Naihui (Ashley) Zhou
Major Professors: Iddo Friedberg, VMPM, and Mark Kaiser, Statistics
Short Description: The updates to the Critical Assessment of Functional Annotation (CAFA) Challenge
Abstract: The third CAFA challenge (CAFA3) released its prediction targets in September 2016, and preliminary results were announced in July 2017. CAFA3 featured a term-centric track where predictors were asked to associate a large set of genes (the complete genomes of Candida albicans and Pseudomonas aeruginosa) with a limited set of functions. By collaborating with experimental biologists, we were able to use unpublished whole-genome screen results to evaluate these predictions. To specifically address this question, we hosted an additional challenge CAFA 3.14 (CAFA-Pi) that is dedicated to evaluating term-centric predictions. The final CAFA3 results as well as preliminary CAFA-Pi results will be released and discussed, in addition to highlights of the term-centric evaluations and benchmark proteins.
Short Description: We used Markov Random Field as a statistical tool to study the three-dimensional correlation of gene expression
Abstract: The chromatin and its 3D organization plays important roles in cellular function in the eukaryotic cell, with the advance in the 3C (HiC) technology, more long-range intra-chromosomal and inter-chromosomal interactions between genomic loci have come to light. Specifically, the 3D organization of the genome may play important roles in transcription regulation. The theory of “transcription factory” is one such hypothesis. These nuclear subcompartments are dynamically organized so that the genes in these compartments have coordinated transcription. This study is an attempt to further consolidate the theory of “transcription factory” using a spatial Markov Random Field (MRF) model. By directly modelling gene expression values on a spatial neighborhood network inferred from HiC data, we were able to estimate the level of spatial dependency among protein-coding genes in the human IMR90 cell.

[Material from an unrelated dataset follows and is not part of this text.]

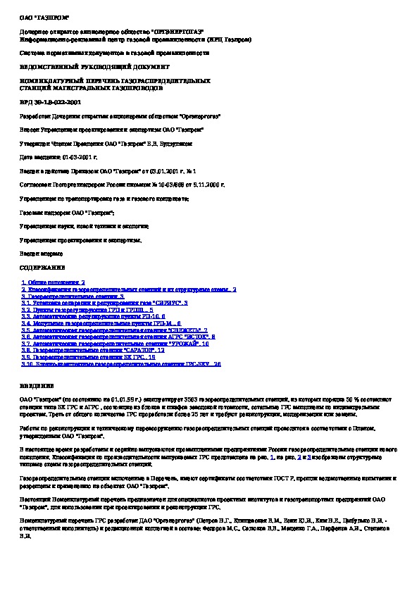 Наша цель состоит в том, чтобы предоставить вам быстрый доступ к содержанию документа Номенклатурный перечень газораспределительных станций магистральных газопроводов.
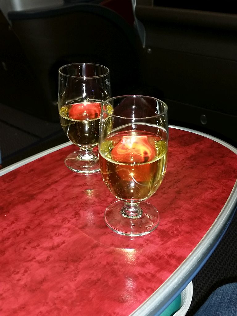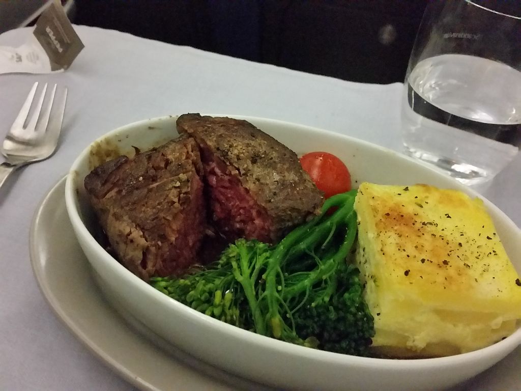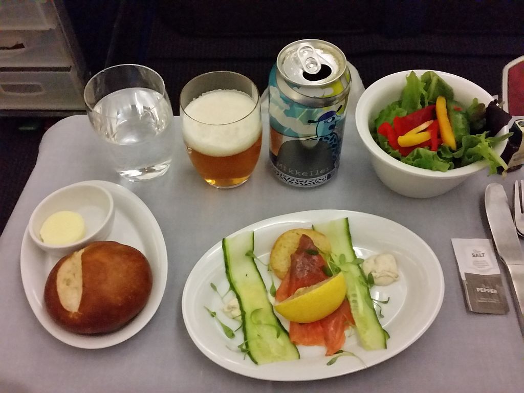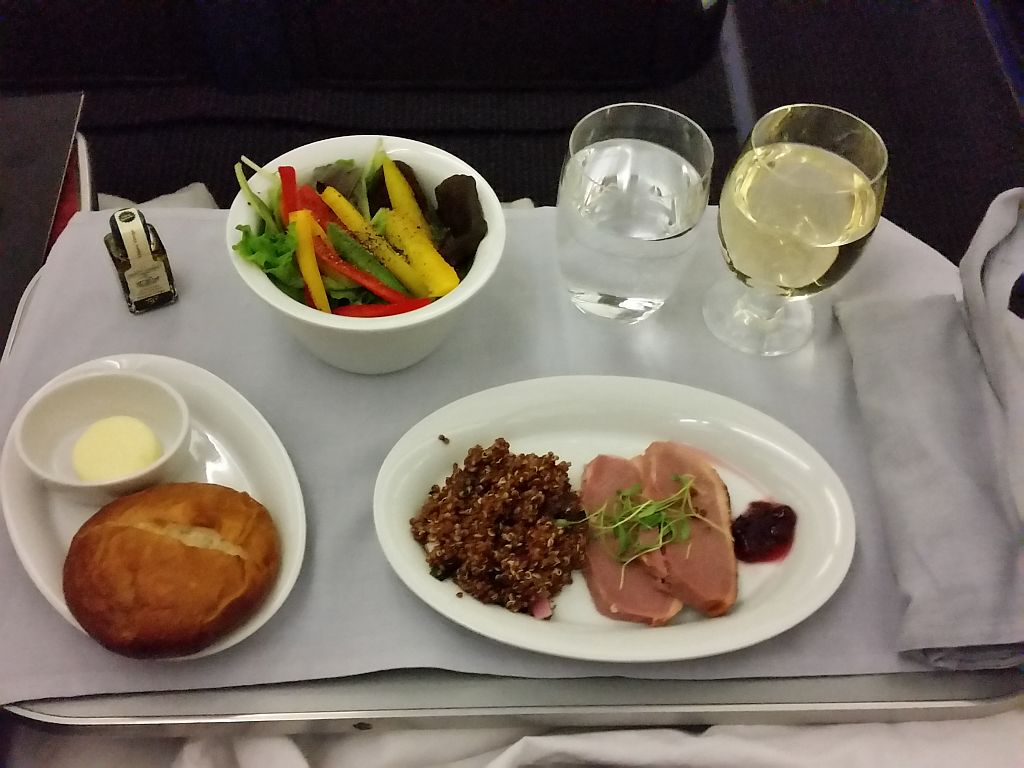 Nachdem der Flug starten konnte, gab es bald dann Essen. Warum wir von Meikes Essen kein Foto haben, schieben wir mal auf die Uhrzeit.

We overcame computational challenges of large matrices using the double Metropolis algorithm to carry out the Markov Chain Monte Carlo (MCMC) simulation for this Bayesian model. Our study confirms the spatial dependency of transcription among neighboring genes in the 3D genome organization on a global scale. Further insights can be made into the mechanism of differential expression as a response to stimuli involving the chromatin compartments.